One of the problem’s I’ve had is resolving fields in the various namespaces, particularly finding one “movieclip” from another. Its odd that everything useful has to be a movieclip or a button, and that you can only apply certain graphic filters to those type of objects. Back to the namespace issue – now that I seem to be able to properly find objects from one another, I encountered the problem that function objects in JS/AS don’t know what object instances they’re associated with like they would in Python. So setting a button’s event handler to call one of the functions in either approach below won’t work: (I wish I new why the editor in WordPress is effectively double spacing the text below by inserting break tags)


/* approach one :
* fails because doSomething will not be bound to this instance
*/
this.myButton.onRollOver = this.doSomething;
/* approach two:
* fails because this is not pointing to the right thing when it is executed
*/
this.myButton.onRollOver = function() { this.doSomething(); };

At this point I picked my roommate Phil’s brain because he’s always crawling around the obscure guts of languages like this, and found out some of these strange consequences of Javascript not really being OO – that the this pointer sucks and the above facts about the capabilities of function references.

Big thanks to him for pointing out this simple way to fix the problem using a closure:


var a = this;
this.myButton.onRollOver = function() { a.doSomething(); };

And for reminding me that you can do something like MochiKit does in their bind function to make “real” function pointers that know what instance they belong to (in a really stripped down form below)


class BindUtil {
static function bind(obj,func,args) {
return function() {
if (args != 'undefined')
func.apply(obj,args);
else
func.apply(obj);
};
}
}

Because that function makes it possible to pass arguments, one can easily define one handler to use for various buttons inline like this:


this.tempMinusBtn.onPress = BindUtil.bind(this,this.changeTemp,[-1]);
this.tempPlusBtn.onPress = BindUtil.bind(this,this.changeTemp,[1]);

So I’ve got one working dialog for my prototype due on Tuesday, but this is more functional that a lot of the rest will be. Its a screen from a inflight entertainment system we’re prototyping. The screen linked below is the climate control dialog that will fly in from the side to adjust temperature etc. The close button does nothing.
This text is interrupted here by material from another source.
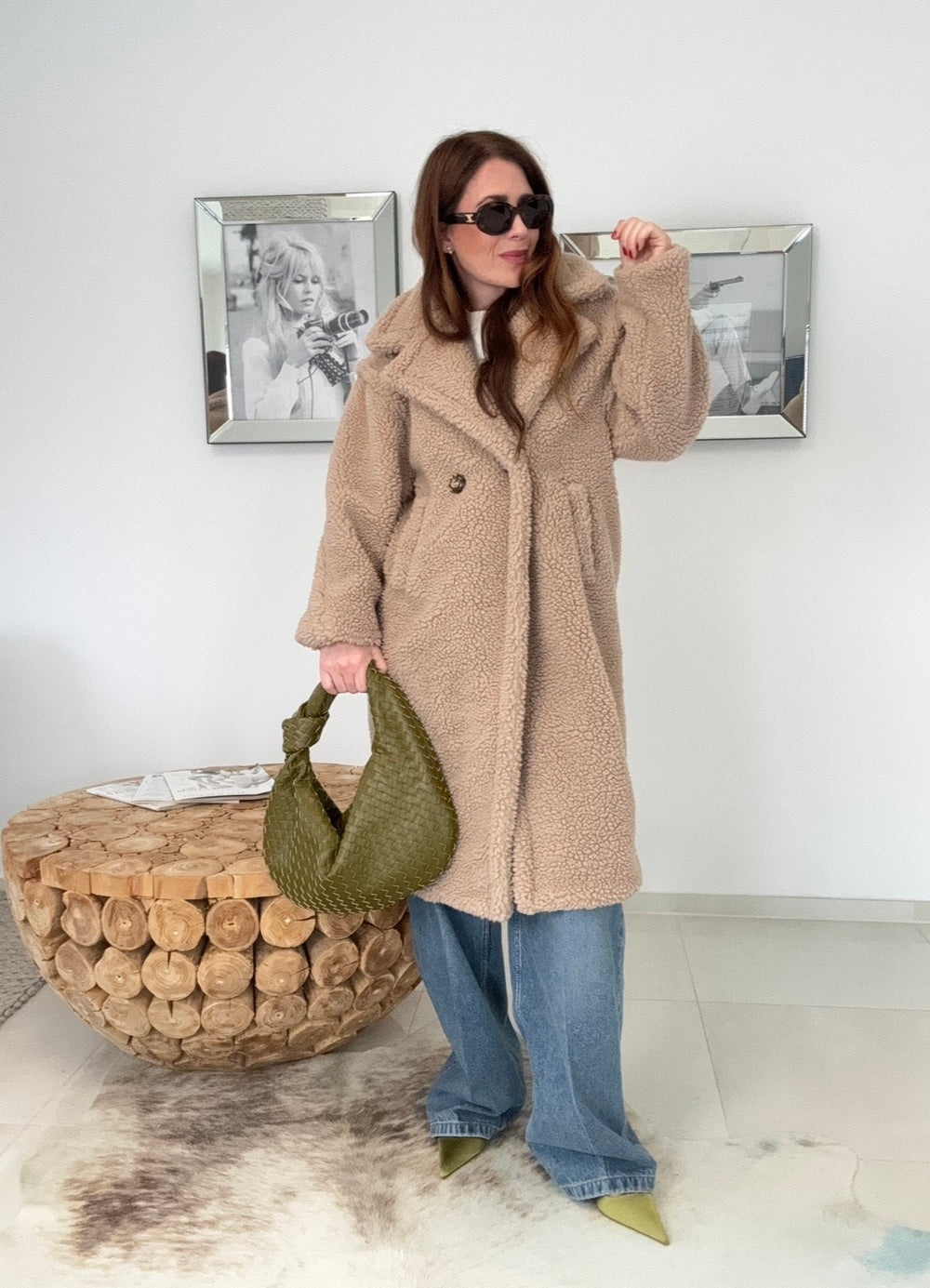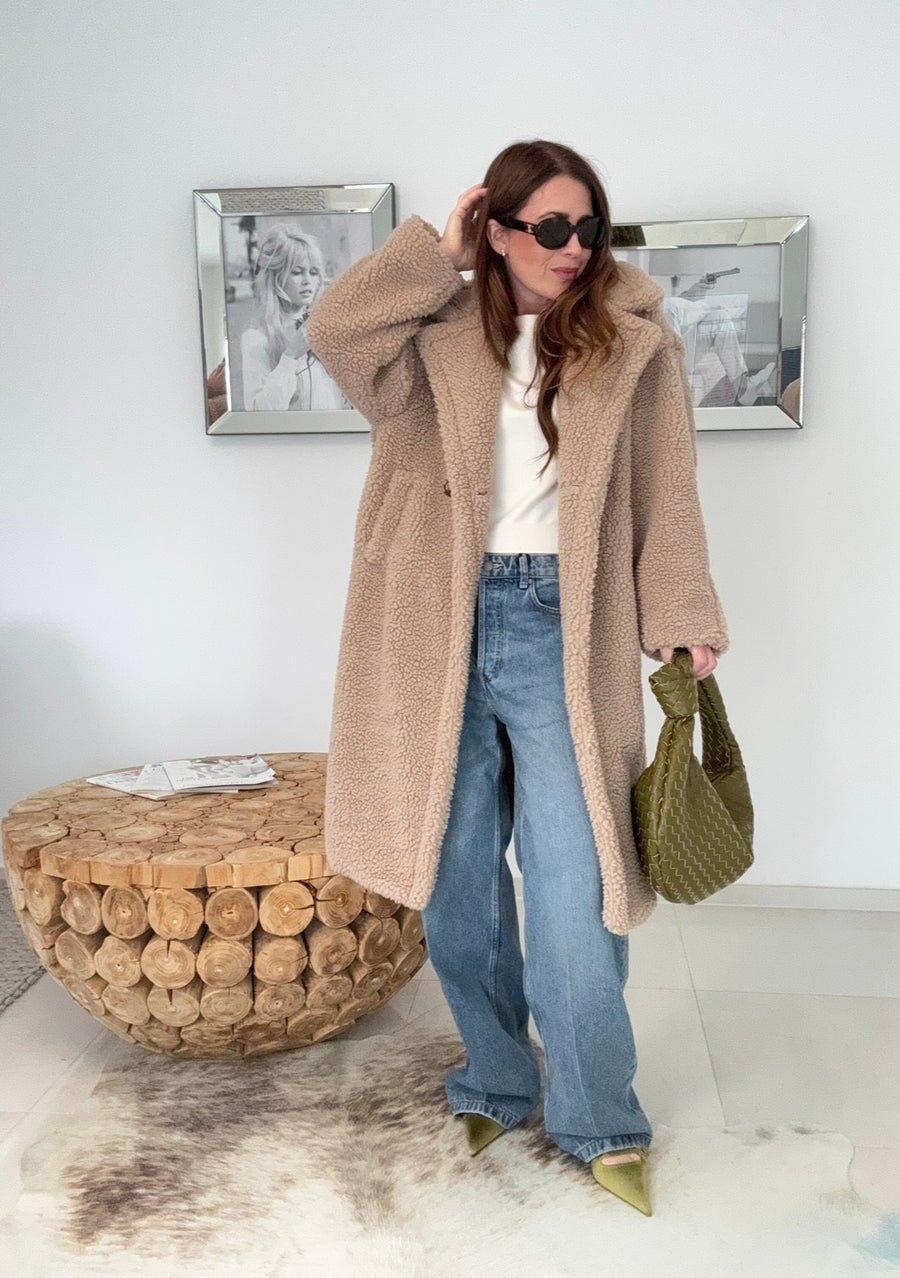 Ein super kuscheliger Hingucker für den Hebst und Winter. Der Mantel ist ein echtes It-Piece in Creme.

Flash Demo (Requires Flash Player 8 )

Only now do I notice that the control areas aren’t centered. I guess I’ll fix that later.

Fun with design tools!

My Applied Design of Software User Interfaces class is lots of fun, but turns out to be a lot more work than I had anticipated (No programming or math, this can’t take much time!). I’ve spent hours learning Fireworks and Illustrator, and gotten much better at mocking up user interfaces in the process. I’ve also found that staring at the screen for hours tweaking pictures seems to be a different level of eye stress than programming, presumably due to having to focus on the slightly bigger picture than a line of code at a time.

We’ve had three weekly assignments to mock up user interfaces (including preliminary conceptual designs, affinity designs, and user profiles) which are given in the form of project for our mock design companies, and the deliverables must be color printed and bound, which makes one take an extra level of pride in the work – more of the same pride that keeps one up way too late making final design fixes.

Art Picker MockupI thought I’d share one of my designs from the last homework assignment: it was to mock up a design for a handheld, touchscreen computer (tablet) that would assist users in their tour of an art museum. The screen at the right (click to enlarge) uses the device’s ability to know fairly precisely where it is to present only the art nearest the user, from which the user can select one for more information. There’s some things I don’t love about the design now that I’ve had more time to reflect, but I still like it. I learned a lot about Adobe Illustrator in creating the icons for the nav buttons on the left (even though they still look like they were drawn by a Quailtard) – I also learned that Illustrator can’t do angular gradients like that I had in mind for the radar button, so I had to resort to the Gimp for that.